If we have worked together on data protection, you will have heard me mention the idea of data protection by design and by default. It’s enshrined in UK GDPR, and it essentially means that you consider data protection at the very start of every (IT) project, and all the way through, rather than leaving it as an afterthought when the designs are too costly to change.
We saw an example of how things can go wrong this week, as the BBC tech pages reported. The latest update of the NHS COVID-19 app was blocked by Apple and Google, for breaking the agreed rules on data sharing. The app had planned to ask users for their consent to upload logs of check-ins at venues, where we scan the QR code, in the event they tested positive. This information could then have been used to warn others that they should take a test. However, this broke the terms of the agreements which said that location data could not be collected by the software.

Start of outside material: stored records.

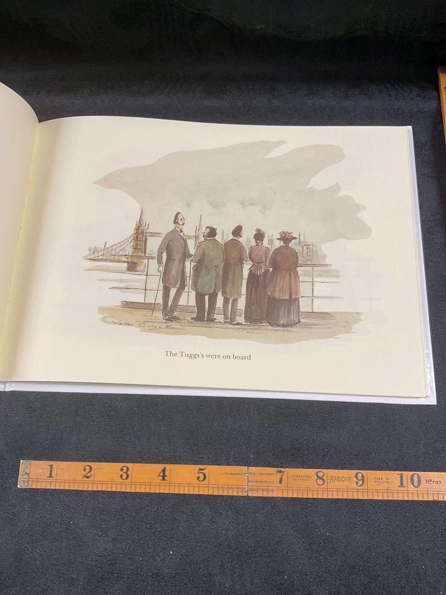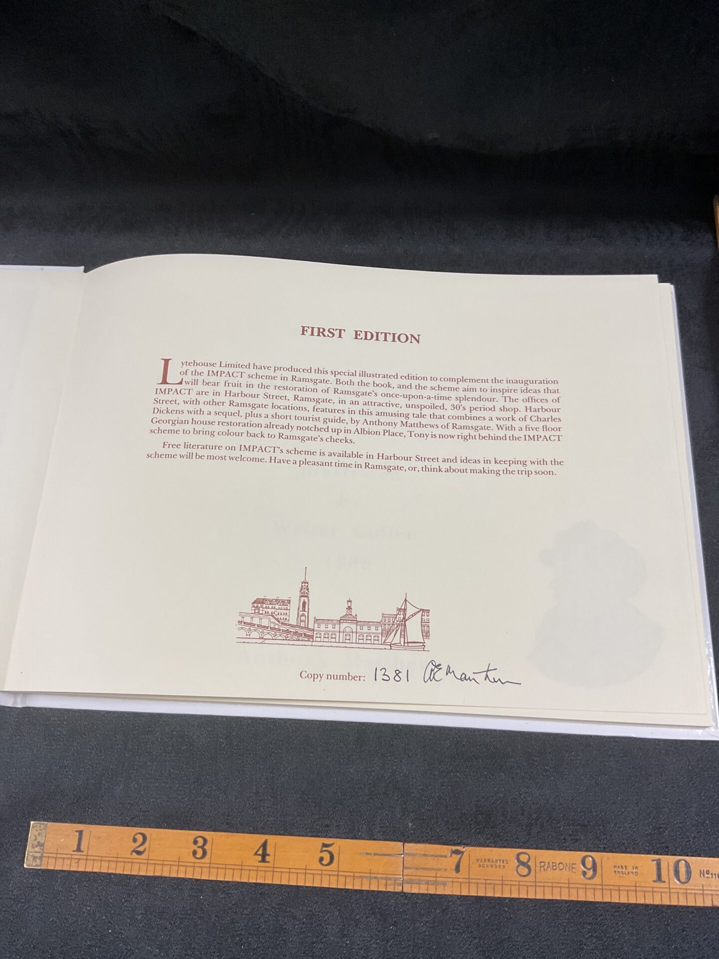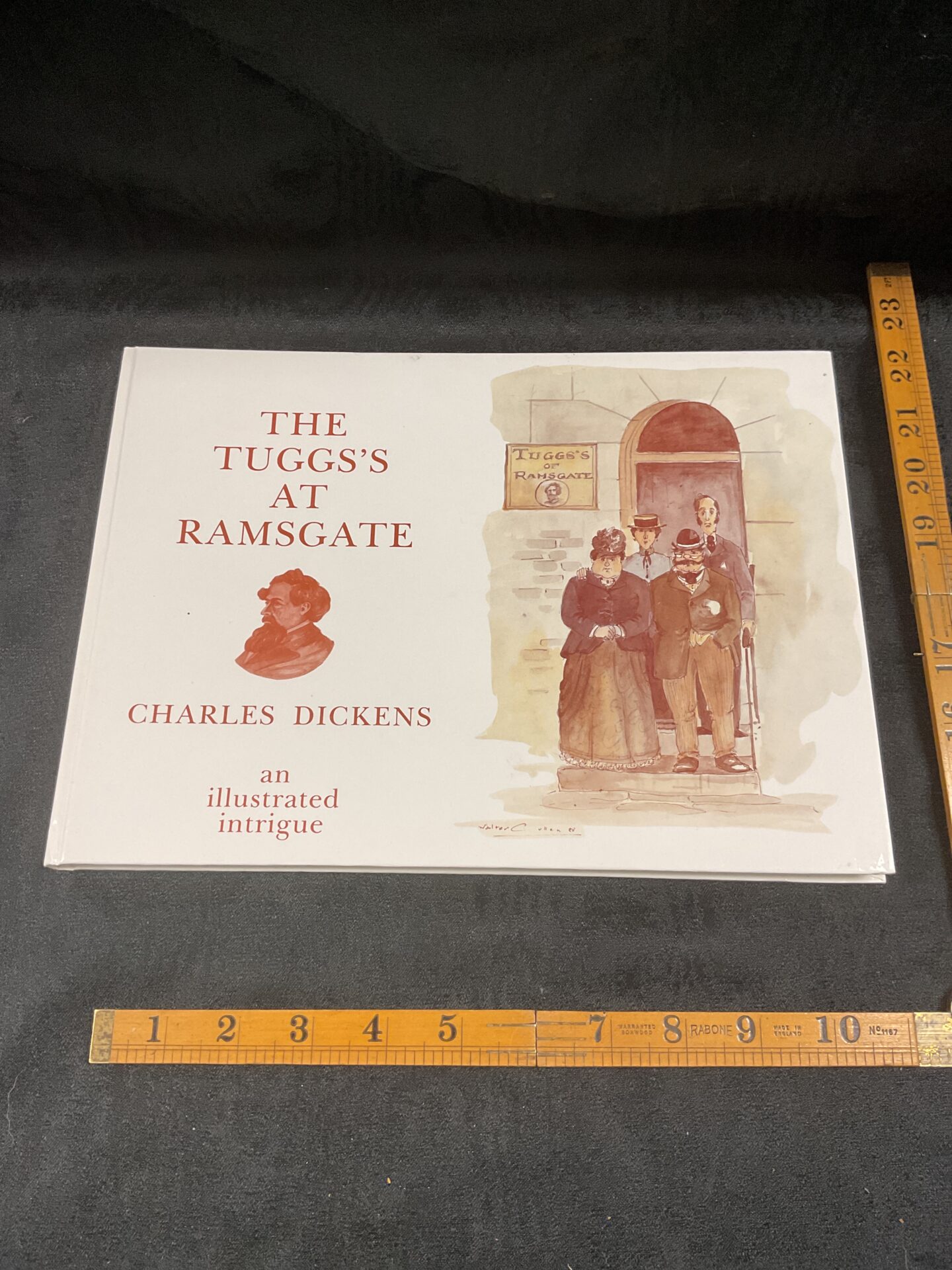 This is a first edition of Charles Dickens’ *The Tuggs at Ramsgate: An Illustrated Intrigue*, a limited edition production. Number 1381 of an unknown total, this copy is signed by Anthony Matthews, the author of the illustrations. The book features charming illustrations throughout, depicting scenes from the story and capturing the Victorian aesthetic.
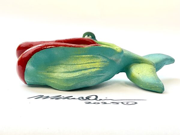 Maui Mike the whale is smaller than the rest of the crew but is the life of the party with a winning smile and laidback attitude. He measures 6.5” x 3” and hangs on the wall with a built in eyelet. This fun guy is sporting a hand painted custom finish that is designed for indoor use or outside in a protected/covered area.
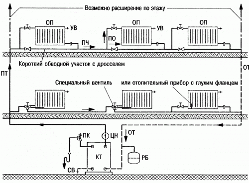 Схеми розводки труб для систем водяного опалення
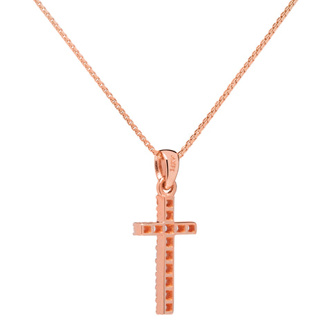 14K Solid Rose Gold Cross | Pave Round Cut Cubic Zirconia Pendant Necklace | 15mm Long .30 CTW | 16 Inch .60mm Box Link Chain | With Gift Box
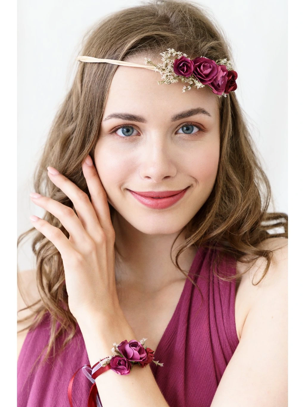 Tato čelenka s bordo květy je dokonalým doplňkem pro každou nevěstu, která chce zazářit na své rozlučce se svobodou. Sytá bordo barva dodá vašemu vzhledu sofistikovanost a bude vypadat úžasně na všech fotkách.
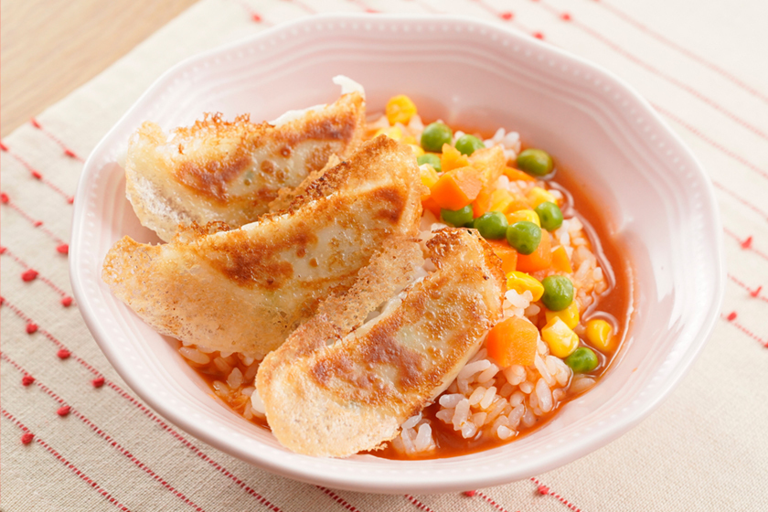 パリッと焼いたギョーザとご飯にケチャップ味のスープを注いだ洋風お茶漬け♪お子さまのランチにも喜ばれそう!辛いホットソースをかければ辛党本格派の大人にもオススメ♪

This does raise a few questions:
- Could the UK have not used the same approach as in Scotland, where a separate app tracks venue check-ins?
- Why did the UK app developers think this would be OK despite having signed the agreement with Apple and Google which clearly said it was not?
- If this could be a benefit, is it right that tech companies can put constraints on the UK’s public health response to COVID?
- Why didn’t the app developers adopt the approach of data protection by design and by default in the beginning, which would have prevented these problems?
I often talk about the balance between convenience and privacy, but perhaps public health should sometimes take precedence?